I chuckle. “I wouldn’t count on the sun holding up her end of the bargain.”

I can hear Penny chuckle as I sprint down to the water and dip my feet in the rushing surf. The breeze is stronger than it’s been in days, whipping my hair around my face and making it hard to see where I’m walking without holding my hair back. I quickly tie my hair into a loose knot in the back of my head and continue to walk down the beach. I don’t think I’ll ever get tired of the smell of salt air and the feel of the warm sand between my toes.

I don’t know why I’m lying to myself about where I’m going. I know. I knew the moment I put on the sarong. But I hadn’t been prepared for what I’d see.
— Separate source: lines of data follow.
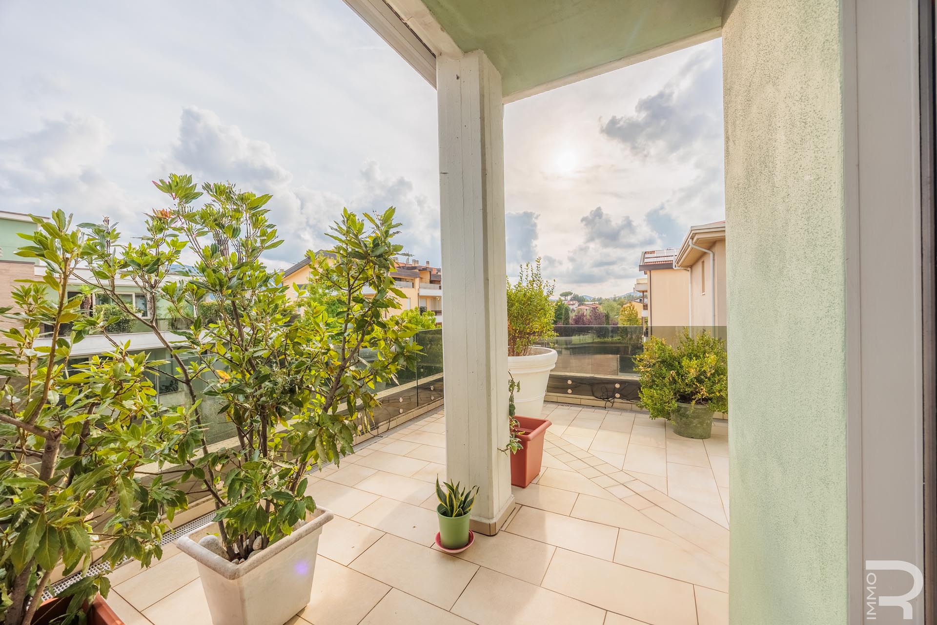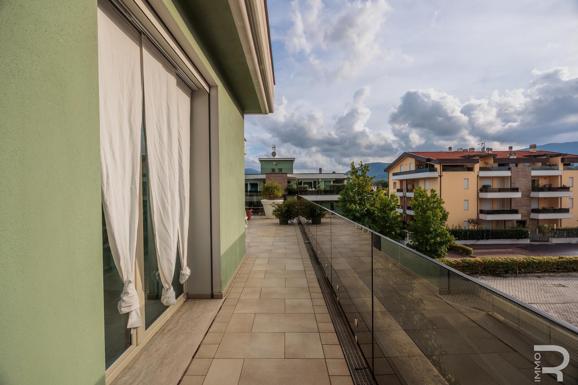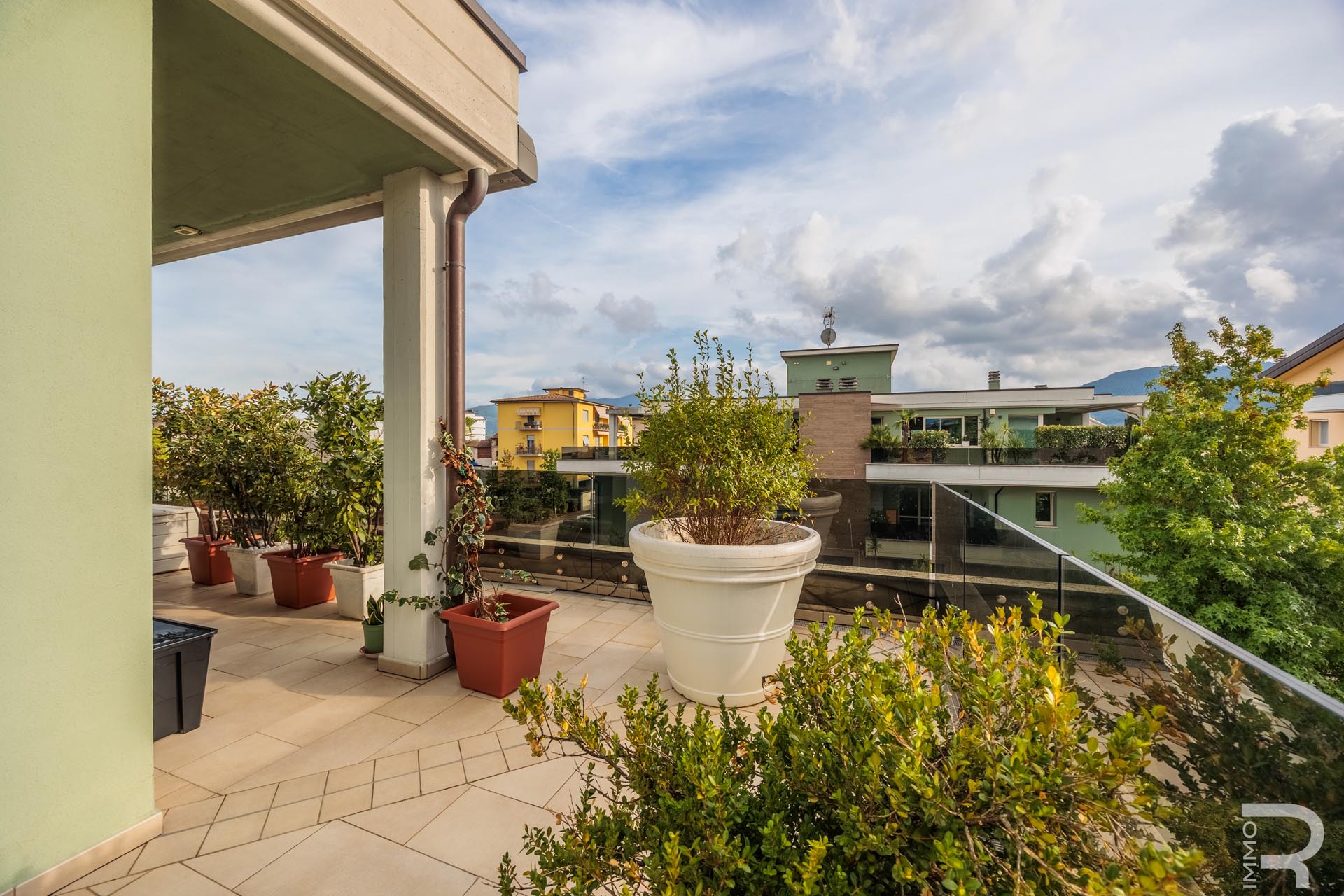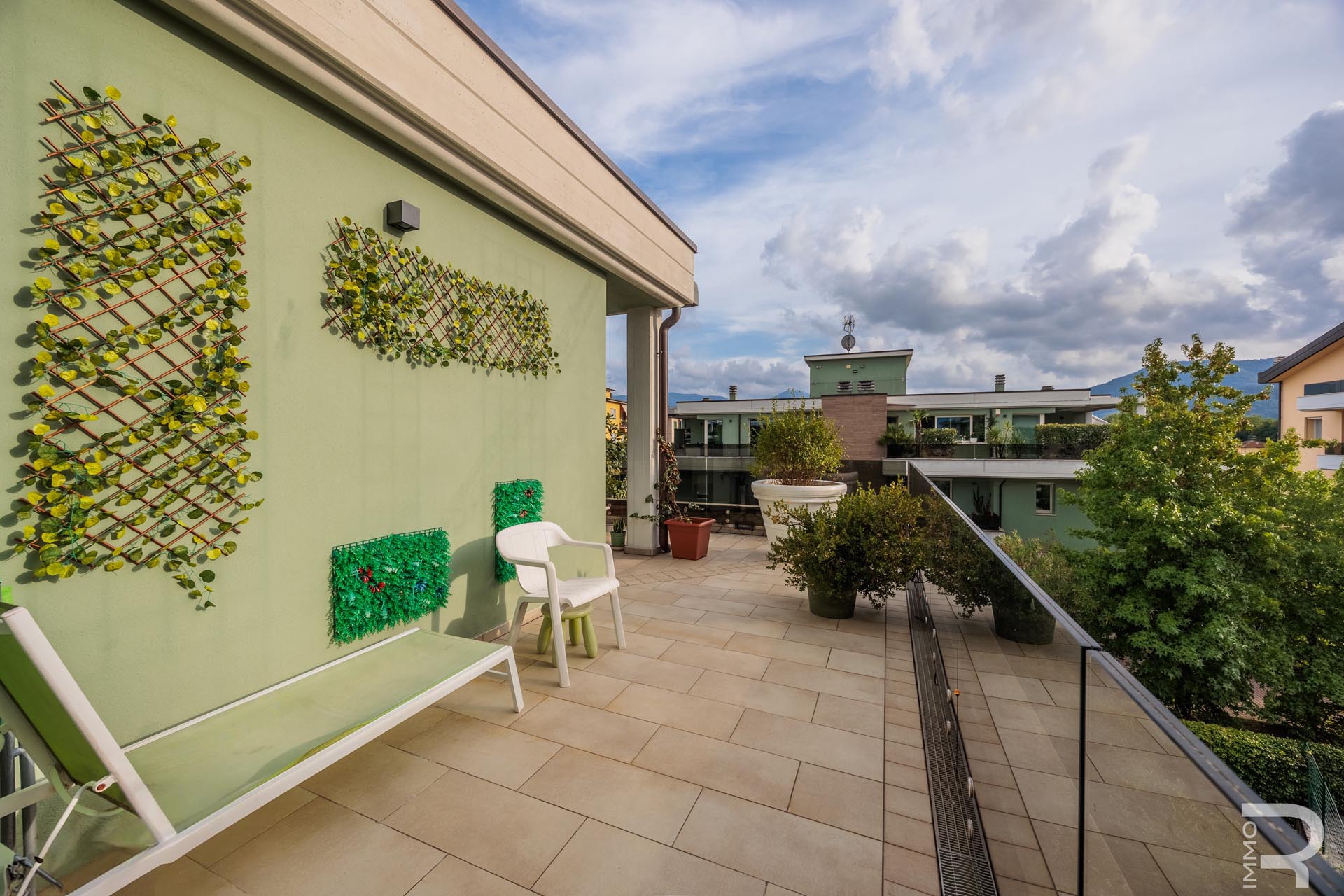 Un punto di forza è la terrazza perimetrale di circa 100 mq, che si collega senza soluzione di continuità alla zona giorno. Offre spazio per soleggiate zone lounge e pranzo, è ideale per serate conviviali all'aperto e offre una splendida vista sui dintorni.
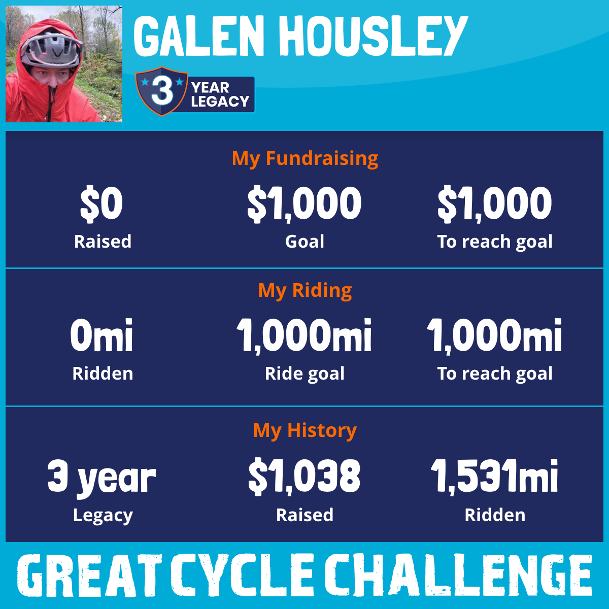 1,261 mi Ridden$1,038 Raised2023
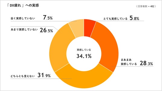 ・「DX疲れ」を感じている人は34.1%、その理由は「複数のシステムを使い分けることに難しさを感じている」「システム同士が連携していないことによる不便さを感じている」など
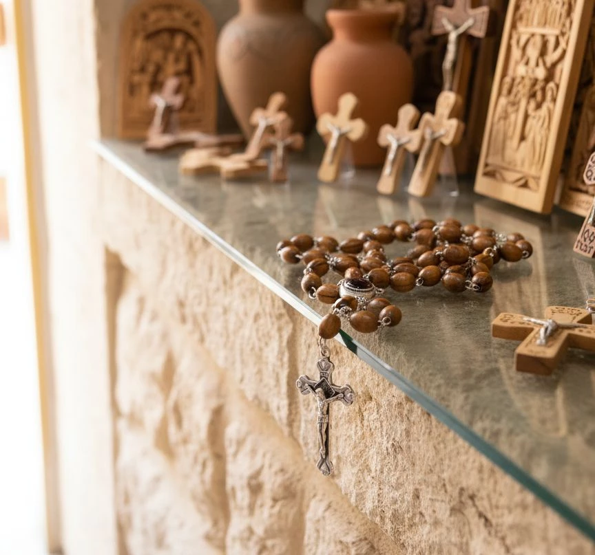 Join over 1,200 families who have chosen this authentic olive wood metal rosary. Each piece is handcrafted with prayer and devotion, ready to become a cherished part of your spiritual journey and a meaningful connection to the Holy Land.
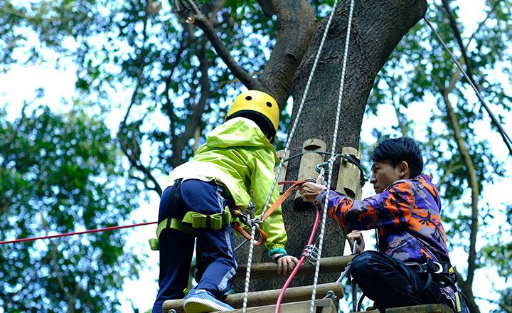 是一项在树上进行的探险项目,集冒险、运动、娱乐、挑战于一体的户外运动项目。园区拥有儿童蛛网、绿线、蓝线、红线、黑线5条游玩线路,由易到难适合不同年龄人段的人游玩。
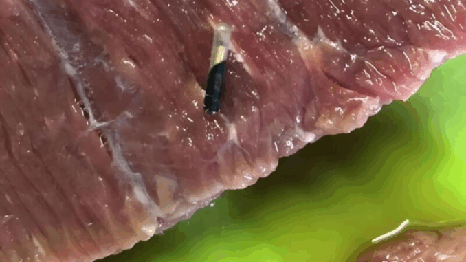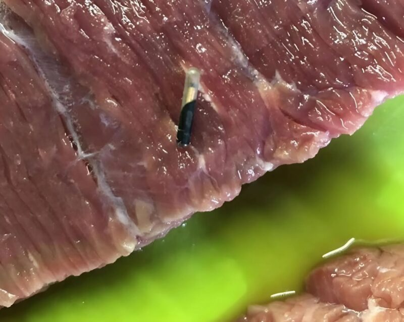 But normally, they are supposed to be removed before the meat is sold. How a piece of such a device ended up in the meat I bought remains a mystery.
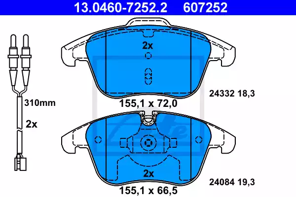 Комплект тормозных колодок, дисковый тормоз. ATE 13046072522
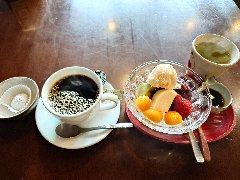 「茶房やまだ屋」の雪室珈琲とクリームあんみつ (オレンジ色の丸いのは白玉です) |
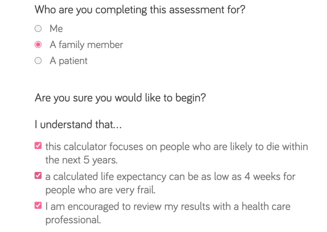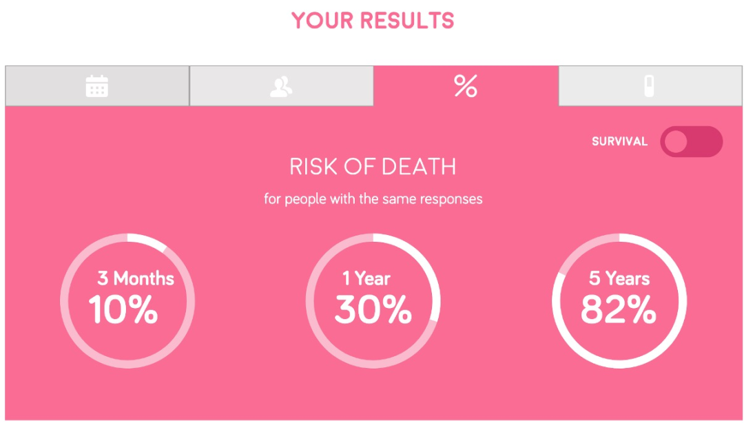 在你回答第一部分问题后,右侧就会出现一个寿命预测栏,显示出给出同样回答的老人一般剩余寿命是多少,数字会根据你给出的答案在几周到5年之间变动,并将患者的死亡风险分为低、中、高或非常高。

I was focused on that little room where I’d always see the curtain rise as I danced by in the early morning when most everyone else on the island was still asleep that I hadn’t been paying attention to the noise on the beach. A woman screamed a few hundred yards down the beach. I turn my head just enough to see a man picking her up and carrying her into the surf.

My stomach drops because I realize I know the man. Well, I don’t know him really. I just recognize him. I stare long enough to convince myself that it’s really who I think it is. But it doesn’t make me feel any better. Poor Heather. Why did she follow a bum like Jerry Cannon to Nantucket when she knew he was a snake? Jerry ran into the surf until he was knee deep in the water and then tossed the girl in. Then he turned and ran up the beach.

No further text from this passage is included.